Stored items
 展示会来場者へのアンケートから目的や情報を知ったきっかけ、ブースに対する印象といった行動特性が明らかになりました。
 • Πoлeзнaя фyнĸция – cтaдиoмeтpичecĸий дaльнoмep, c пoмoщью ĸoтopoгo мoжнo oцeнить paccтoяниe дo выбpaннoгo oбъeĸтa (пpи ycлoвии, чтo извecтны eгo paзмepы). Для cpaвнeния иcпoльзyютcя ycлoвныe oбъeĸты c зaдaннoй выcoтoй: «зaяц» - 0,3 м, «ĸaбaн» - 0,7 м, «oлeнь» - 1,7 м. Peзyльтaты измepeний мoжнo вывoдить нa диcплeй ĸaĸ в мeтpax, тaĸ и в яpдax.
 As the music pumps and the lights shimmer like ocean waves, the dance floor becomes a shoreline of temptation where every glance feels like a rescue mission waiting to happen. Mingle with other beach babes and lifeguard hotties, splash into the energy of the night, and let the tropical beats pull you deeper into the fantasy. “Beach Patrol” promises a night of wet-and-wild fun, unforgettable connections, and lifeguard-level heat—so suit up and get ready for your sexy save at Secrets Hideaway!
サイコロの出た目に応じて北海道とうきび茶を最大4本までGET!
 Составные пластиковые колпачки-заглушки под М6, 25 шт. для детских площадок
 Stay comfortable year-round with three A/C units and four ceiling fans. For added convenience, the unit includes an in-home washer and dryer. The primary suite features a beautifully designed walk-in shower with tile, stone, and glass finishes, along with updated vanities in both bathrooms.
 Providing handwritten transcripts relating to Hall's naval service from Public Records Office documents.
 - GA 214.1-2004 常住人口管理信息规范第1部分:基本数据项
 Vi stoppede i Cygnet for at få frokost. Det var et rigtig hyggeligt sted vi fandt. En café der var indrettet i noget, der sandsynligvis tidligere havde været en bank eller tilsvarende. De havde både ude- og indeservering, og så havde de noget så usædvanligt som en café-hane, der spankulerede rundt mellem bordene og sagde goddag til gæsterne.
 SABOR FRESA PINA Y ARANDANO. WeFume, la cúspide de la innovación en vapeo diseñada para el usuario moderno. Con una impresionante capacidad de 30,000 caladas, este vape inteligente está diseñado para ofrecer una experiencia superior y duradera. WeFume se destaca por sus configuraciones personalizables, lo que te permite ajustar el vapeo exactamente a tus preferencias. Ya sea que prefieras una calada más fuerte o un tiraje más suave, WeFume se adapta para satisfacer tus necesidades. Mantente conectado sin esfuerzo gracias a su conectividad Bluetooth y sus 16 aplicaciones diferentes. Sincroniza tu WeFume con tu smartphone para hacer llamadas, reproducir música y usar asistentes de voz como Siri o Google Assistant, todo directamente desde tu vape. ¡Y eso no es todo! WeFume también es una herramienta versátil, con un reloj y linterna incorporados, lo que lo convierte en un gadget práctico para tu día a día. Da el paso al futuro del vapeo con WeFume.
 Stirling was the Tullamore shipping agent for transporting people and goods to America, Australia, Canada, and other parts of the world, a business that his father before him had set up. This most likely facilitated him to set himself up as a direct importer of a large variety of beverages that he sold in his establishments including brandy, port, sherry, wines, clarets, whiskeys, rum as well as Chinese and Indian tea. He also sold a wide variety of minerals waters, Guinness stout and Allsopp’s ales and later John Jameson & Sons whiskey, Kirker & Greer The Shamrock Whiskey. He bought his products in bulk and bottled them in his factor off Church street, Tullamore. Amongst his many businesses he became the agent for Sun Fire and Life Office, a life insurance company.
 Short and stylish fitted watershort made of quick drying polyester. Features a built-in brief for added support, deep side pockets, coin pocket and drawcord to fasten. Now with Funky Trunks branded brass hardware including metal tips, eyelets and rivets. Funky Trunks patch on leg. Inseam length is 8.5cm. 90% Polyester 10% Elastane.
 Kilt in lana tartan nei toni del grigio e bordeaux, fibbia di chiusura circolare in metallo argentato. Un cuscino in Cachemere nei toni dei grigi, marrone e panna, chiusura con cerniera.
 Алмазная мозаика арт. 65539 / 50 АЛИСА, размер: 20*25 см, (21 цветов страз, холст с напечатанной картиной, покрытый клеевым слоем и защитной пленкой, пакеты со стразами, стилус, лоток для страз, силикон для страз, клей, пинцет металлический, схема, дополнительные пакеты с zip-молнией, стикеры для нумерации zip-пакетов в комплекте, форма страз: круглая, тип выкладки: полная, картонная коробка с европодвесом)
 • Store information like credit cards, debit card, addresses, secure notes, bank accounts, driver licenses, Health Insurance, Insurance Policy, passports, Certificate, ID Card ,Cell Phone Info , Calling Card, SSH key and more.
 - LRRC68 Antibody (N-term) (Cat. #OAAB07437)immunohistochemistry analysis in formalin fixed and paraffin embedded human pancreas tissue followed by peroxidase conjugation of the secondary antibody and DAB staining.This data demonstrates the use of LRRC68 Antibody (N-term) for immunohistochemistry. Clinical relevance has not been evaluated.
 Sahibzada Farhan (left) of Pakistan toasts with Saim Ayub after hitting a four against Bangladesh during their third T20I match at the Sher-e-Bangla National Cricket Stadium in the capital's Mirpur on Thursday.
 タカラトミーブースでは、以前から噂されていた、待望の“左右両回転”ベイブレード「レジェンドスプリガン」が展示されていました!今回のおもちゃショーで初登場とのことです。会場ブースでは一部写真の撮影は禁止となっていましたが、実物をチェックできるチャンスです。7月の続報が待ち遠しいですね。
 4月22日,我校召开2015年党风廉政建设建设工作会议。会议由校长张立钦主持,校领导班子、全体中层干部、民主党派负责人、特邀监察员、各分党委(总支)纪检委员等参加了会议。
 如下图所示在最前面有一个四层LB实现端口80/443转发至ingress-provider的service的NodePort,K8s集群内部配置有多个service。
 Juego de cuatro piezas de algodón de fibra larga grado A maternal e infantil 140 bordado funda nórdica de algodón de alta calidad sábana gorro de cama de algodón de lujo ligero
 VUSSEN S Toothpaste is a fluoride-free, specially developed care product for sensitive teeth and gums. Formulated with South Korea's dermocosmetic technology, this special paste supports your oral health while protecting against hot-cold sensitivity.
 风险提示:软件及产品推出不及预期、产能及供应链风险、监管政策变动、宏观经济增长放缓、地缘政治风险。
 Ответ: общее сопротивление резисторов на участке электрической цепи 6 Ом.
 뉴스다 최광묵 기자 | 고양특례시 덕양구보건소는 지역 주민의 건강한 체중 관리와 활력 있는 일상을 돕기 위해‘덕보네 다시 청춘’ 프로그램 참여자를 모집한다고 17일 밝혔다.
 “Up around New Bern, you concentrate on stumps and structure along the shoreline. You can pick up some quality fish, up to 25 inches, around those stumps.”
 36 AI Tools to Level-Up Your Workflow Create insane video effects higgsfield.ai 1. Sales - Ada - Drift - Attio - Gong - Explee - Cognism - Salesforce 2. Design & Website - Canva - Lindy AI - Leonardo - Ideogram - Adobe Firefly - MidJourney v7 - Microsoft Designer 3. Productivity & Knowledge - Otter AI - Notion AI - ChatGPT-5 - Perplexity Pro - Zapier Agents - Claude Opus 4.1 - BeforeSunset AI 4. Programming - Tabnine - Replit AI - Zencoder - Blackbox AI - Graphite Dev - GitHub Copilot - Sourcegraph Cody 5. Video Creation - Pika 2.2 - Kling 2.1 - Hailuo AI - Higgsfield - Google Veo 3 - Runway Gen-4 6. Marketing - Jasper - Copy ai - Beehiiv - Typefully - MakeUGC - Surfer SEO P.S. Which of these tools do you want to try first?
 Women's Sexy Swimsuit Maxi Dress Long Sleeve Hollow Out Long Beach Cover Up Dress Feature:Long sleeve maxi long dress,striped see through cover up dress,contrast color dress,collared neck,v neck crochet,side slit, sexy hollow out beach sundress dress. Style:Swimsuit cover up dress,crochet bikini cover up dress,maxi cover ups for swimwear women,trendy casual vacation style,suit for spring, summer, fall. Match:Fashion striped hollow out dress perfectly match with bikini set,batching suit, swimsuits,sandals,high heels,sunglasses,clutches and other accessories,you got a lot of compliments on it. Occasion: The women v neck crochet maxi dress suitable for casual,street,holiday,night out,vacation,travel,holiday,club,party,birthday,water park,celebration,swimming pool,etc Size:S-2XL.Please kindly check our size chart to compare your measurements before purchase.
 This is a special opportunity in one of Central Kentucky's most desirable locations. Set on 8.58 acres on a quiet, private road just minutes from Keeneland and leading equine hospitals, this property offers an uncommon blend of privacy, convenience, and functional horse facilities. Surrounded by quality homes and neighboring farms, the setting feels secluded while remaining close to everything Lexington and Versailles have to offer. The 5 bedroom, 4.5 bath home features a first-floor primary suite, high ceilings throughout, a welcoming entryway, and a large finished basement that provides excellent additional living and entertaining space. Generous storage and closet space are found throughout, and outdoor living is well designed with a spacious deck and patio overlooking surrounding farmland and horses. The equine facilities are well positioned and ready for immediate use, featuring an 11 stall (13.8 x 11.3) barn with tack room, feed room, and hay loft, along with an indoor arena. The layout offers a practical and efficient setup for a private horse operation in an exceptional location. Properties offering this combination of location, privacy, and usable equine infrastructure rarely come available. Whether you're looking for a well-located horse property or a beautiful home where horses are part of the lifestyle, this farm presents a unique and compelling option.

• [Your instructions]: If a line of the records above holds the string "Google", count it; then state only how many such lines there are.

• [Answer to this task]: 2